Maybe it takes a loss to open up your loom for other connections.
Tony's asleep now, and it would be rude of me to wake him up to ask him to read me his old elementary school history textbooks. He just got past World War I, but I know there's got to be a lot more. Decades, maybe even centuries, although I was under the impression that centuries later a flying automobile would already have been invented, but maybe that's just wistful thinking.

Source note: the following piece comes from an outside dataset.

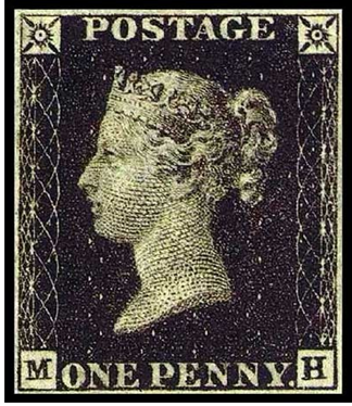 这枚邮票上印着维多利亚女王的肖像,因为是用黑色油墨印刷,所以被后人称为“黑便士”。

I remember seeing one, at an exposition with Howard Stark. Bits and pieces of my life have been floating back to me seemingly out of nowhere, and I remember him presenting a chrome shiny car that levitated a few inches above the ground before falling back with a crash, his embarrassed, casual laughter saying that that definitely wasn't supposed to happen, and that he'd be looking into it, it was only a prototype, after all! I remember looking at Bucky's back and glaring at the girls who hung onto his arms, begging him silently, willing him to look back. He didn't.
I remember something else. A man with glasses and a fatherly smile, telling me that just maybe he could pull some strings, get me into the war after all, as he stamped an A on my file. An A for my clearly 4-F body.
There are the strings again, connecting you and me and everybody.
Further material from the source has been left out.